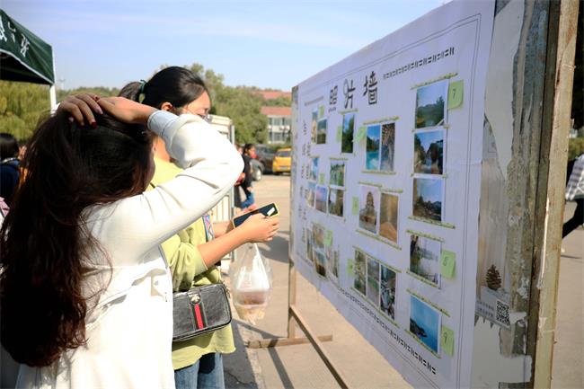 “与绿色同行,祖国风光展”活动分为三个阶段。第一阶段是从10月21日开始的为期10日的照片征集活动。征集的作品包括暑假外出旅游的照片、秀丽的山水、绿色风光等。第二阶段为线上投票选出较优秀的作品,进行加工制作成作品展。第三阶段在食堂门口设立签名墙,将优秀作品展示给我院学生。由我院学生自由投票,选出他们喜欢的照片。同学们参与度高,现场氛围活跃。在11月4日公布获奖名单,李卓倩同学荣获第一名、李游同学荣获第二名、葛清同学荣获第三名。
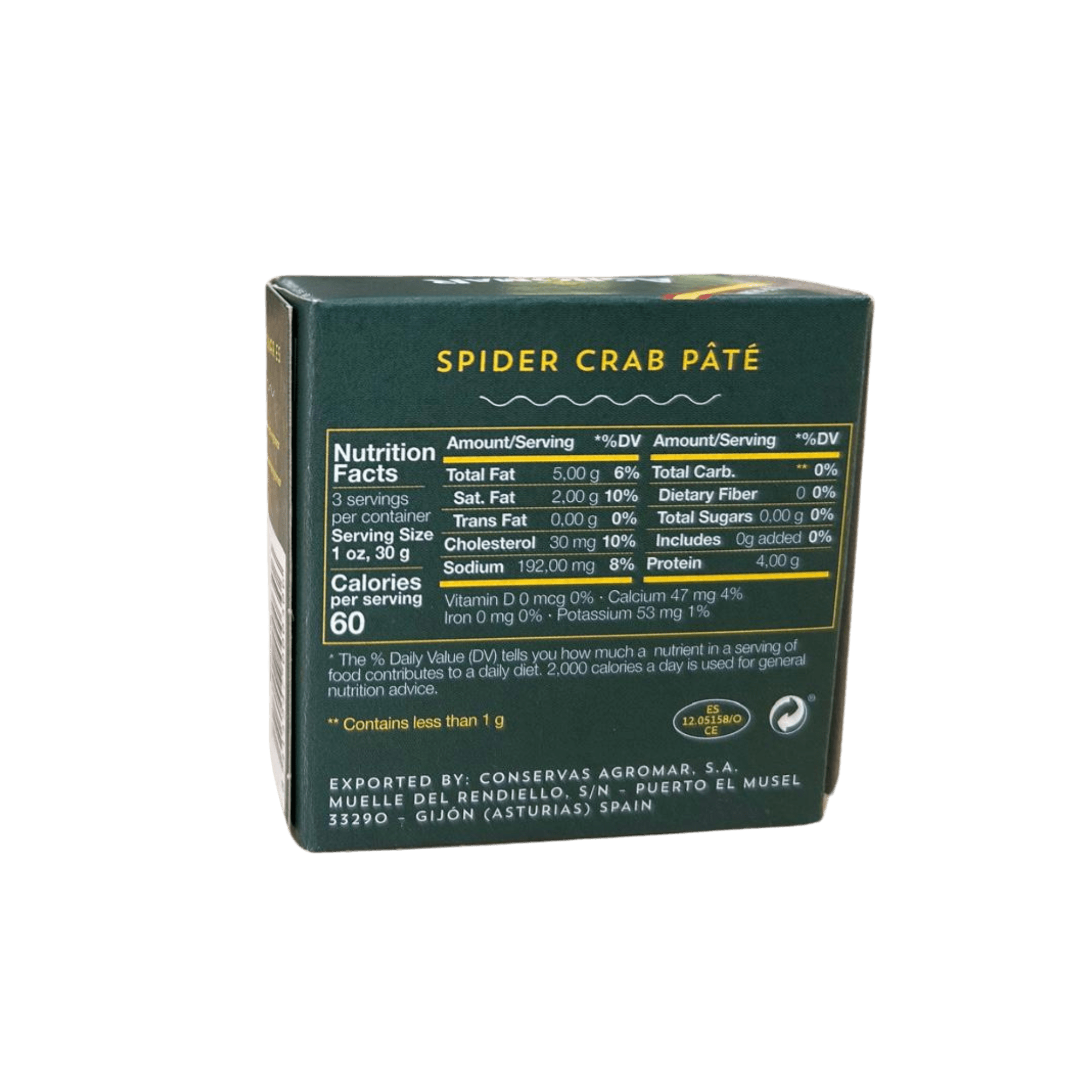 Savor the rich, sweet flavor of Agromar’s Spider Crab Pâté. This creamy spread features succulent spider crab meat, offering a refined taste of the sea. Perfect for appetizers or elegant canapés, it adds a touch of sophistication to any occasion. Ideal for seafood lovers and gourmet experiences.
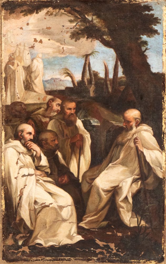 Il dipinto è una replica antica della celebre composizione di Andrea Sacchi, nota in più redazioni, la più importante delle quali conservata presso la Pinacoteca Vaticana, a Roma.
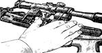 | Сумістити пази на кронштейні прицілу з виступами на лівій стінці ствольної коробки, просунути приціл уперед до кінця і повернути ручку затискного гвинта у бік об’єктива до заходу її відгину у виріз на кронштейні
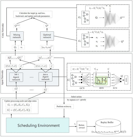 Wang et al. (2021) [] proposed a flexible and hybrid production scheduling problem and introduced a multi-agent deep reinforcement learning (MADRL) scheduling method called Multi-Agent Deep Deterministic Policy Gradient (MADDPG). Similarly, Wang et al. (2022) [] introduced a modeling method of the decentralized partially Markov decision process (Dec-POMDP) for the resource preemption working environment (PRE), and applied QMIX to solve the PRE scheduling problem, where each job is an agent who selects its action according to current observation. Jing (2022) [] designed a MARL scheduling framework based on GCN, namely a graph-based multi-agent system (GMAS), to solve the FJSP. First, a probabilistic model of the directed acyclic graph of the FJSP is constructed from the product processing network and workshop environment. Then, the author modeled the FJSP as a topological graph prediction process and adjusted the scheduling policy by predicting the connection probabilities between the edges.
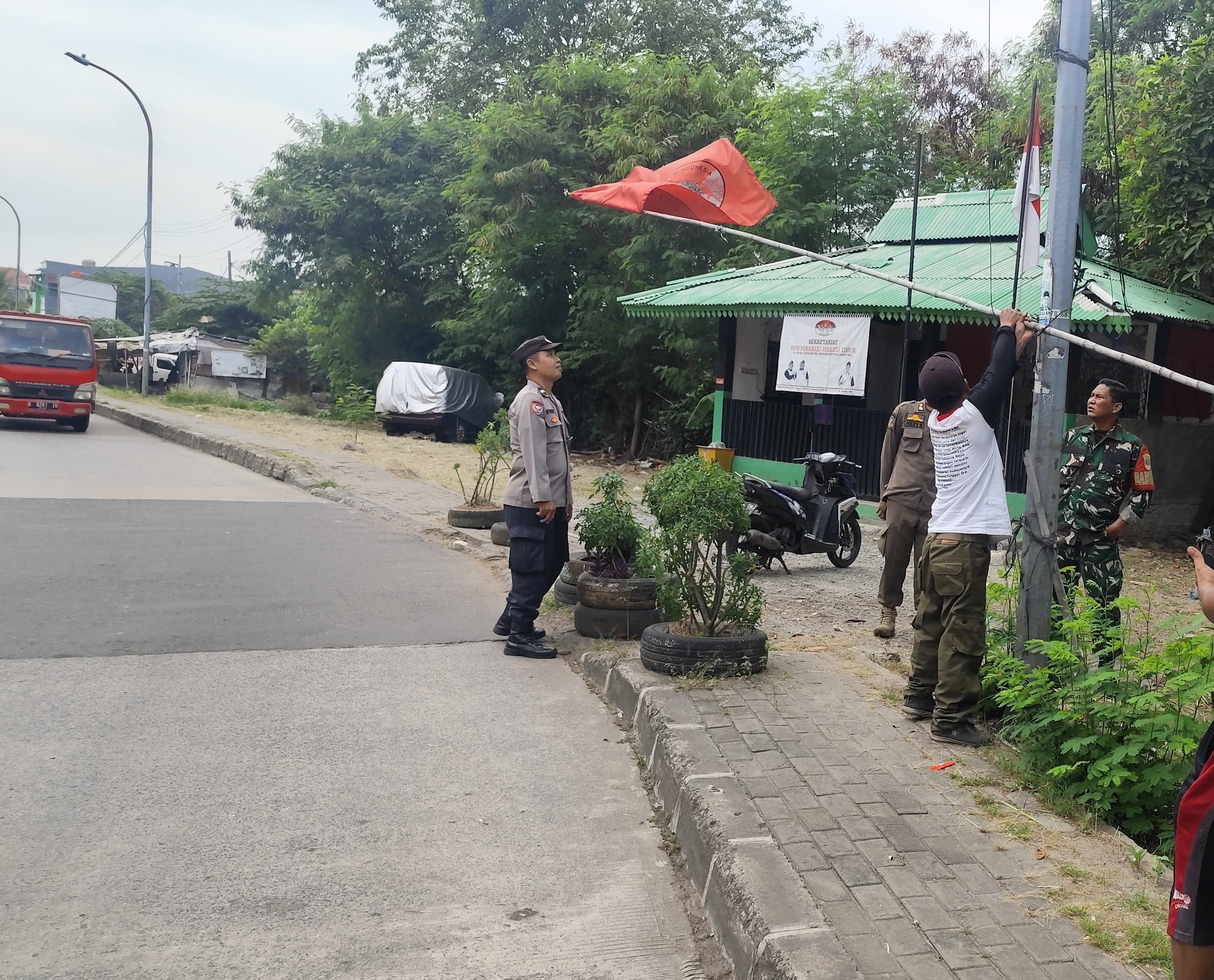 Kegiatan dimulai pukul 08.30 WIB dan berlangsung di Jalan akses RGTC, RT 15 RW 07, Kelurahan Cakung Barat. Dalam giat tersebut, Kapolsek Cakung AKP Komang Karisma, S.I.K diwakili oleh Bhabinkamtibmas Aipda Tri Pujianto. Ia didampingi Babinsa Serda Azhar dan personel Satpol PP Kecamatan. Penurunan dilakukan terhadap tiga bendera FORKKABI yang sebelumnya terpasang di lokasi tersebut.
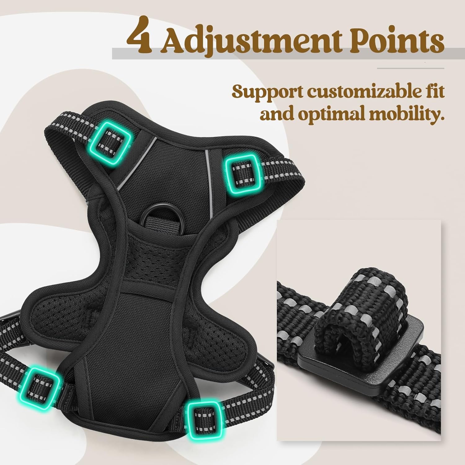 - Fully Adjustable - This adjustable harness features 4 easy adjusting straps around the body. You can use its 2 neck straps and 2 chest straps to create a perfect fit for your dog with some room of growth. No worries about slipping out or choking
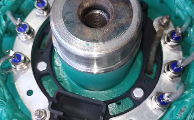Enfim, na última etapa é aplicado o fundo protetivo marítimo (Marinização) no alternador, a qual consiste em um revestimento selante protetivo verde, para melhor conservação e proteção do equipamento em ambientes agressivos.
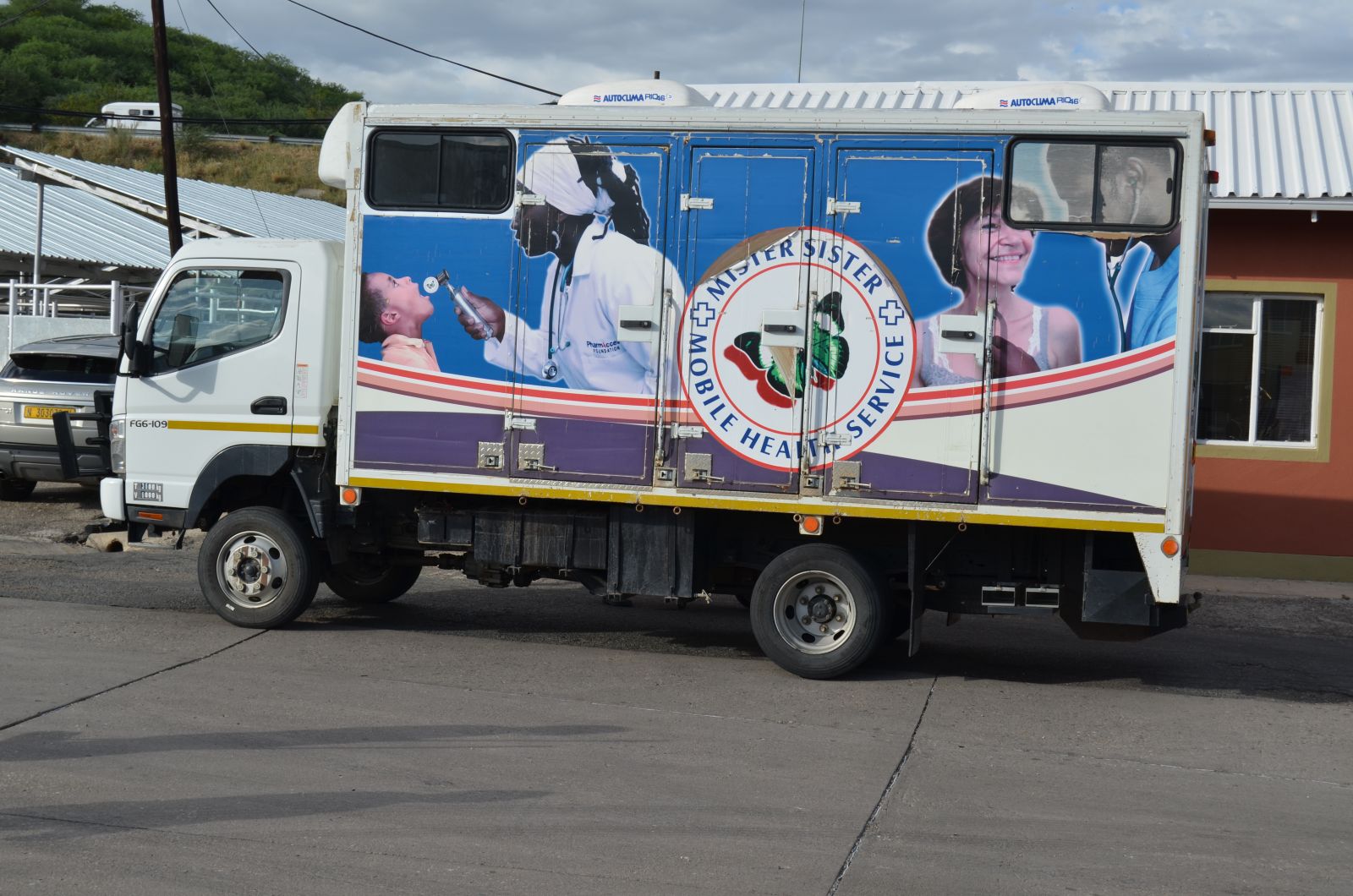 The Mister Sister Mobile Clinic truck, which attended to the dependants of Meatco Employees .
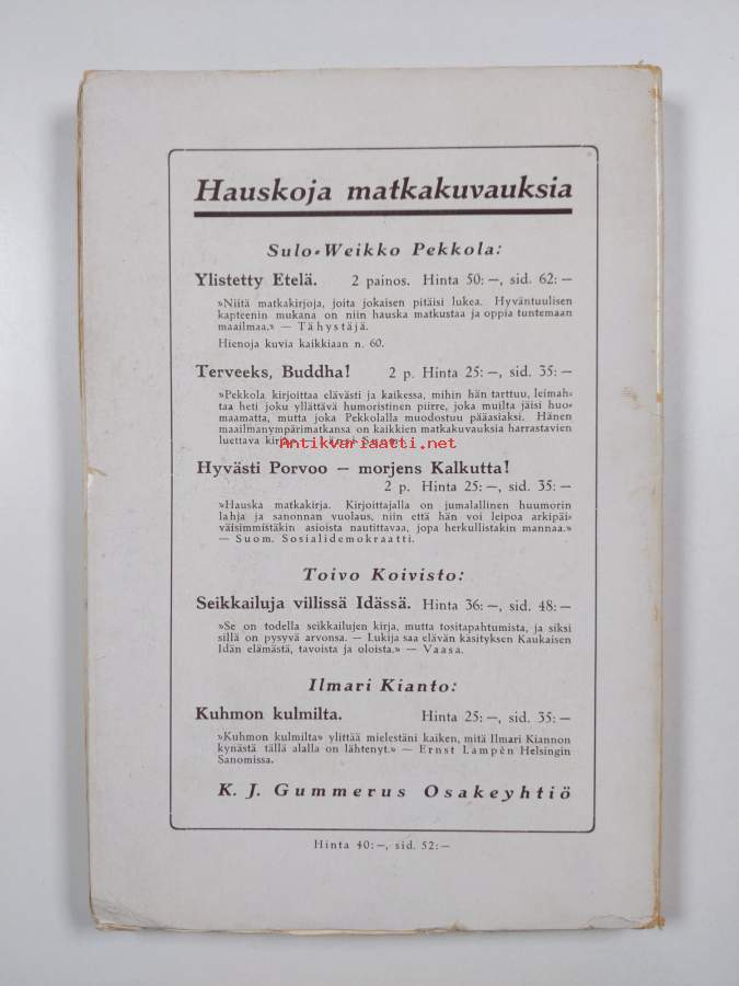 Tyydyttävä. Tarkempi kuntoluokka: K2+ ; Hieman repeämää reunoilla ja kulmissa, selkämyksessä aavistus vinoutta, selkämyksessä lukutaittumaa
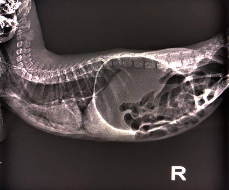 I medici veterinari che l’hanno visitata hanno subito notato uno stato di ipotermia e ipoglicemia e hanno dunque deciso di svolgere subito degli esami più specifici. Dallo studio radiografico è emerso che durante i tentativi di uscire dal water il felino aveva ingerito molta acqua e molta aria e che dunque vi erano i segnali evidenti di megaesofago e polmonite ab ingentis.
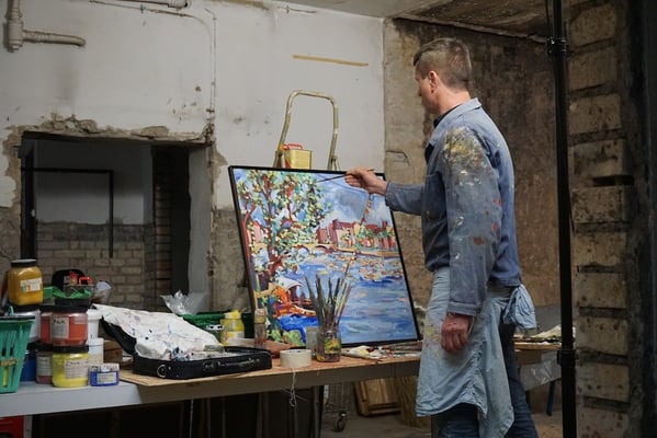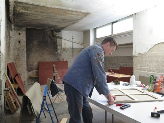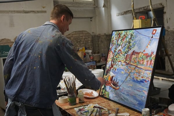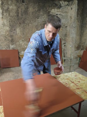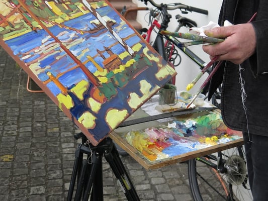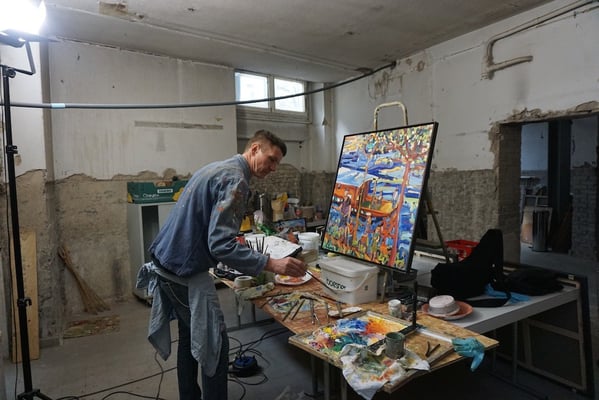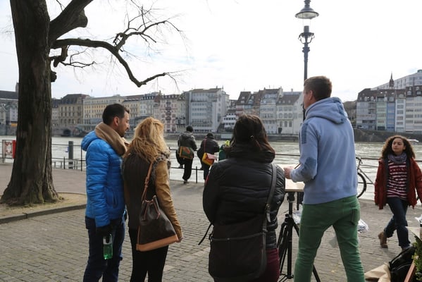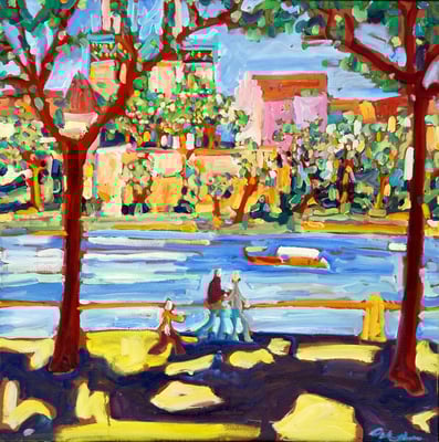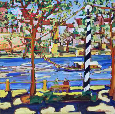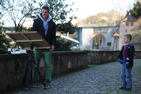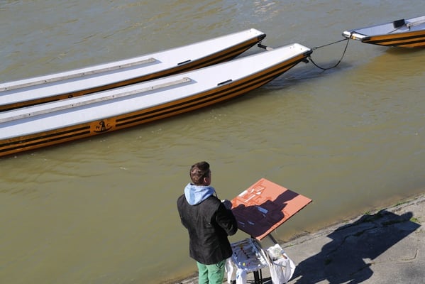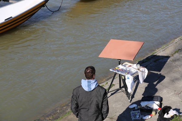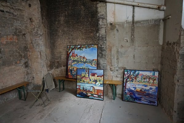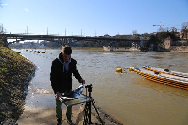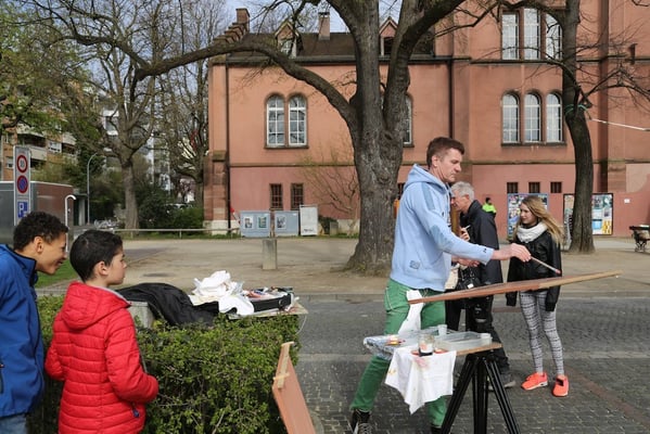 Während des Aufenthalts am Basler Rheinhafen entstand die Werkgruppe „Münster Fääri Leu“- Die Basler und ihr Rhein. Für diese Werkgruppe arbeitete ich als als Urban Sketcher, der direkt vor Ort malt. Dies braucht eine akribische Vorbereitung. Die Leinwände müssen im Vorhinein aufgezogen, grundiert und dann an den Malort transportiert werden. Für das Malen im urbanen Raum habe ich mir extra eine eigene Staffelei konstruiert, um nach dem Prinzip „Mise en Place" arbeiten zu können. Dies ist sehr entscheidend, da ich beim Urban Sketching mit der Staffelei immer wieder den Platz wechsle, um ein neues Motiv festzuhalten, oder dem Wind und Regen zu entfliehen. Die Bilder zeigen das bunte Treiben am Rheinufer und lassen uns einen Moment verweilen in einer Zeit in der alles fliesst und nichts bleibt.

(What to work on) From the records above, give again only the part that opens with the line containing "The Mister Sister" and closes with the line containing "I medici veterinari". Keep both ends but drop the pictures.

(Completed exercise)
 The Mister Sister Mobile Clinic truck, which attended to the dependants of Meatco Employees .
 Tyydyttävä. Tarkempi kuntoluokka: K2+ ; Hieman repeämää reunoilla ja kulmissa, selkämyksessä aavistus vinoutta, selkämyksessä lukutaittumaa
 I medici veterinari che l’hanno visitata hanno subito notato uno stato di ipotermia e ipoglicemia e hanno dunque deciso di svolgere subito degli esami più specifici. Dallo studio radiografico è emerso che durante i tentativi di uscire dal water il felino aveva ingerito molta acqua e molta aria e che dunque vi erano i segnali evidenti di megaesofago e polmonite ab ingentis.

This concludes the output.